Items listed in a dataset
*** Block opens ***

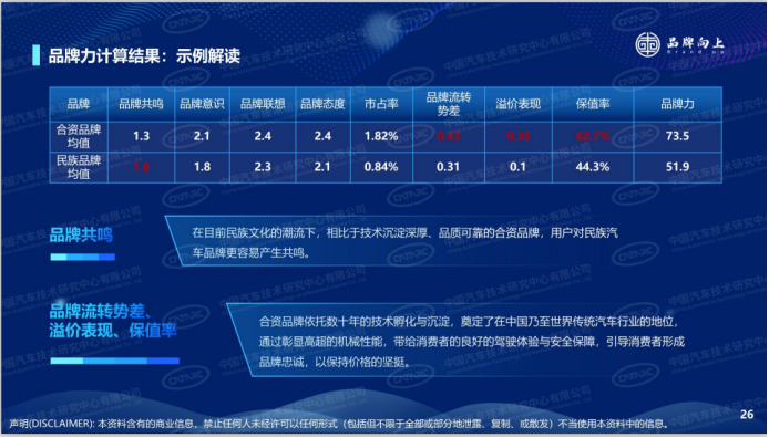“品牌力测量模型”创新性引入用户视角观测品牌,综合用户心智和市场表现定义品牌力,将品牌力分为八个维度,通过问卷和大数据法采集主客观数据,通过熵权法、投影寻踪等方法处理数据,通过品牌力测量模型,可以了解民族汽车品牌状况与动向。知其然,还要知其所以然,项目组以大量详实的数据和生动的案例,系统介绍了民族品牌存在优势,如在当前民族文化的潮流下,相比于技术沉淀深厚、品质可靠的合资品牌,民族汽车品牌更容易引发用户共鸣。
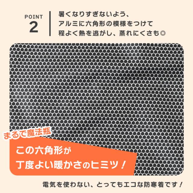 体温の熱を反射し閉じ込めるアルミプリントで魔法瓶のような暖かさ!
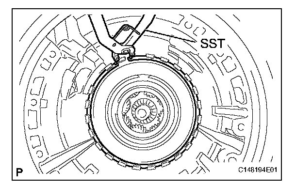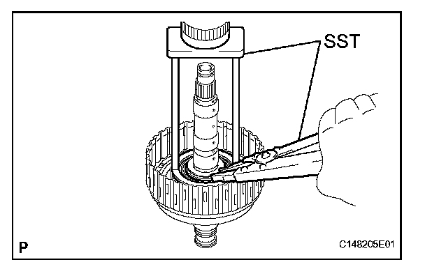 (b) Using SST, install the snap ring to the transmission case.
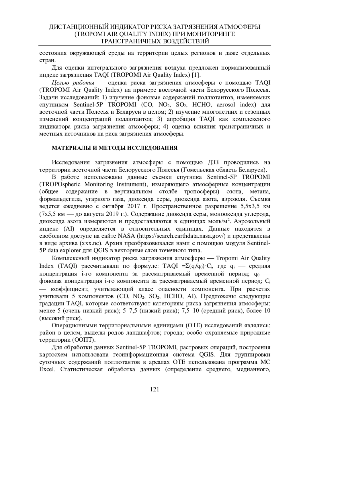 Работа посвящена апробации комплексного индикатора риска загрязнения атмосферы TAQI (TROPOMI Air Quality Index). TAQI рассчитывается по 5 компонентам (CO, NO2, SO2, HCHO, аэрозоли), которые определяются спутником Sentinel-5P TROPOMI. На примере восточной части Белорусского Полесья определены пространственно-временные колебания тропосферных содержаний CO, NO2, SO2, HCHO и аэрозолей. Обнаружены существенные изменения TAQI, обусловленные трансграничными воздействиями. В апреле 2024 г. зафиксированы две аномалии резкого роста значений TAQI (высокий риск загрязнения), вызванные пыльной бурей в северной Африке и техногенными выбросами NO2 и SO2. Колебания TAQI неоднородны в пространстве и зависят от особенностей движения воздушных масс и поллютантов. Зоны высокого риска загрязнения атмосферы, возникающие в периоды трансграничных воздействий, могут охватывать значительные площади (более половины территории региона).
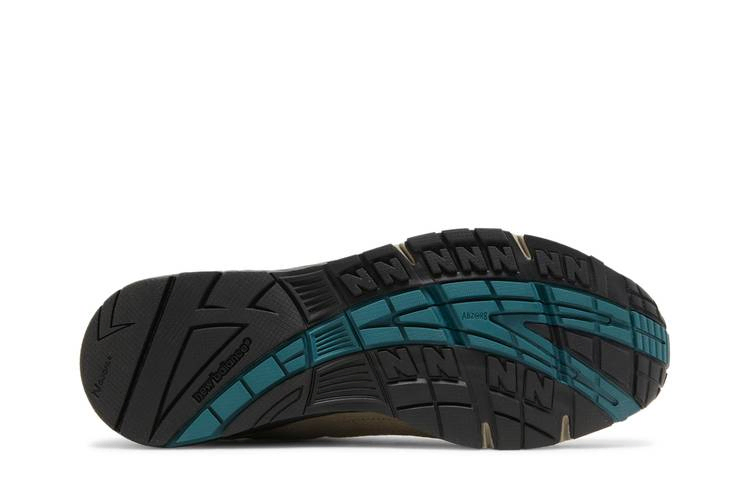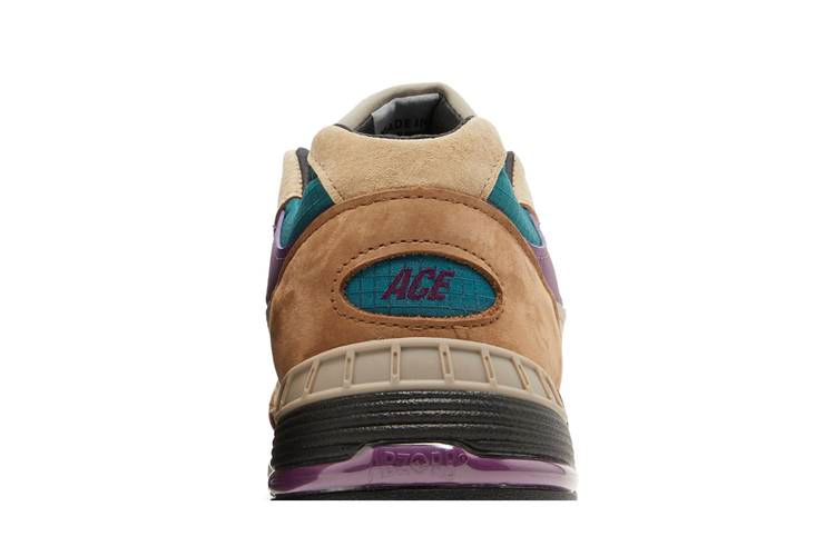 Модель Palace x New Balance 991 Made in England 'Teal' взята из коллекции обуви и одежды, объединившей трансконтинентальные бренды-партнеры. В этой паре используется верх из смешанных материалов, подчеркнутый основой из рипстопа тилового цвета с замшевым седлом светло-коричневого цвета. Фиолетовые кожаные детали на носке и воротнике дополнены фирменным логотипом "N", а бежевые замшевые накладки укрепляют носочную и пяточную части. В дополнение к двойному брендингу на язычке и стельке, "PALACE" прописана на пятке левой и правой части кроссовка. Легкая амортизация обеспечивается межподошвой ABZORB от New Balance, двухцветной отделкой и классической формой танкетки.
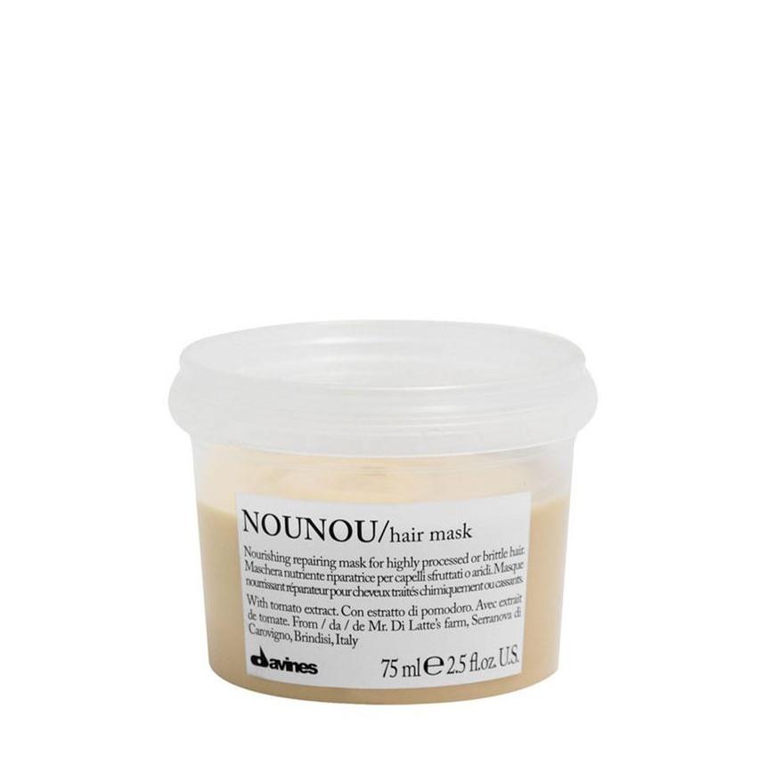 Davines NouNou Mask on hiusnaamio, joka ravitsee, korjaa ja pehmentää vaalennettuja, raidoitettuja ja käsiteltyjä hiuksia. Hiuksista tulee pehmeät, helposti käsiteltävät ja sileämmän tuntuiset. Vaurioituneiden hiusten tehohoito helpottaa hiusten selvittämistä ja palauttaa hiuksiin luonnollista taipuisuutta ja joustavuutta.
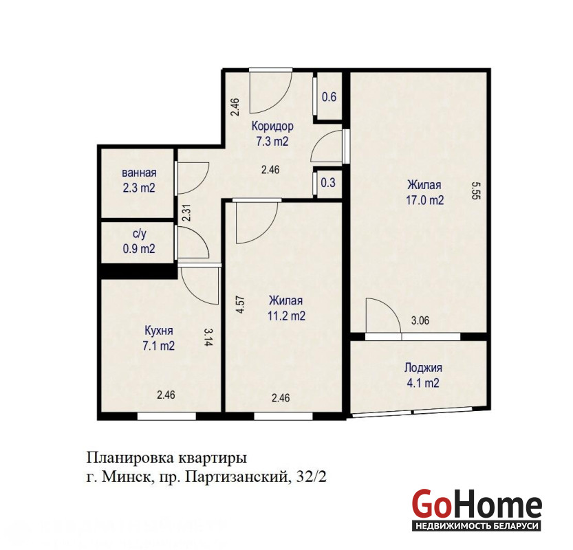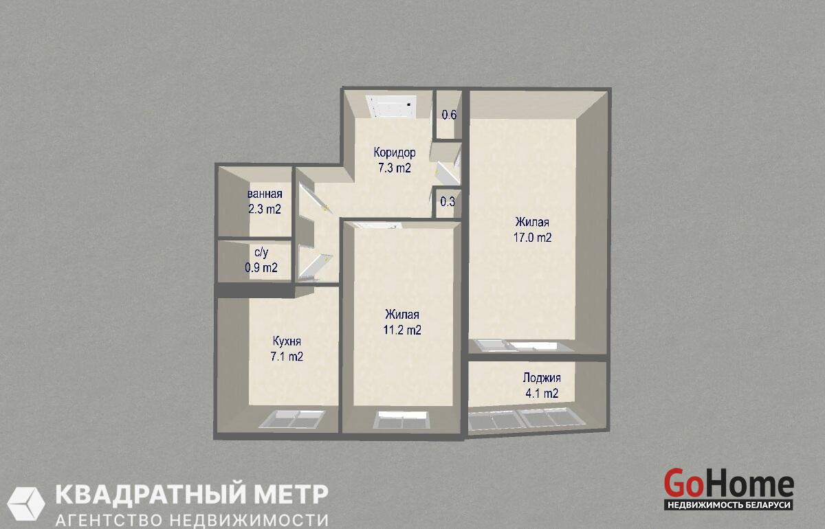 1. Отличная планировка: общая площадь по СНБ – 48,8 м2, жилая площадь 28,2 м2, большая застекленная лоджия - 4,1 м2

*** Block closes ***

Copy the records exactly. Skip the images.

“品牌力测量模型”创新性引入用户视角观测品牌,综合用户心智和市场表现定义品牌力,将品牌力分为八个维度,通过问卷和大数据法采集主客观数据,通过熵权法、投影寻踪等方法处理数据,通过品牌力测量模型,可以了解民族汽车品牌状况与动向。知其然,还要知其所以然,项目组以大量详实的数据和生动的案例,系统介绍了民族品牌存在优势,如在当前民族文化的潮流下,相比于技术沉淀深厚、品质可靠的合资品牌,民族汽车品牌更容易引发用户共鸣。
 体温の熱を反射し閉じ込めるアルミプリントで魔法瓶のような暖かさ!
 (b) Using SST, install the snap ring to the transmission case.
 Работа посвящена апробации комплексного индикатора риска загрязнения атмосферы TAQI (TROPOMI Air Quality Index). TAQI рассчитывается по 5 компонентам (CO, NO2, SO2, HCHO, аэрозоли), которые определяются спутником Sentinel-5P TROPOMI. На примере восточной части Белорусского Полесья определены пространственно-временные колебания тропосферных содержаний CO, NO2, SO2, HCHO и аэрозолей. Обнаружены существенные изменения TAQI, обусловленные трансграничными воздействиями. В апреле 2024 г. зафиксированы две аномалии резкого роста значений TAQI (высокий риск загрязнения), вызванные пыльной бурей в северной Африке и техногенными выбросами NO2 и SO2. Колебания TAQI неоднородны в пространстве и зависят от особенностей движения воздушных масс и поллютантов. Зоны высокого риска загрязнения атмосферы, возникающие в периоды трансграничных воздействий, могут охватывать значительные площади (более половины территории региона).
 Модель Palace x New Balance 991 Made in England 'Teal' взята из коллекции обуви и одежды, объединившей трансконтинентальные бренды-партнеры. В этой паре используется верх из смешанных материалов, подчеркнутый основой из рипстопа тилового цвета с замшевым седлом светло-коричневого цвета. Фиолетовые кожаные детали на носке и воротнике дополнены фирменным логотипом "N", а бежевые замшевые накладки укрепляют носочную и пяточную части. В дополнение к двойному брендингу на язычке и стельке, "PALACE" прописана на пятке левой и правой части кроссовка. Легкая амортизация обеспечивается межподошвой ABZORB от New Balance, двухцветной отделкой и классической формой танкетки.
 Davines NouNou Mask on hiusnaamio, joka ravitsee, korjaa ja pehmentää vaalennettuja, raidoitettuja ja käsiteltyjä hiuksia. Hiuksista tulee pehmeät, helposti käsiteltävät ja sileämmän tuntuiset. Vaurioituneiden hiusten tehohoito helpottaa hiusten selvittämistä ja palauttaa hiuksiin luonnollista taipuisuutta ja joustavuutta.
 1. Отличная планировка: общая площадь по СНБ – 48,8 м2, жилая площадь 28,2 м2, большая застекленная лоджия - 4,1 м2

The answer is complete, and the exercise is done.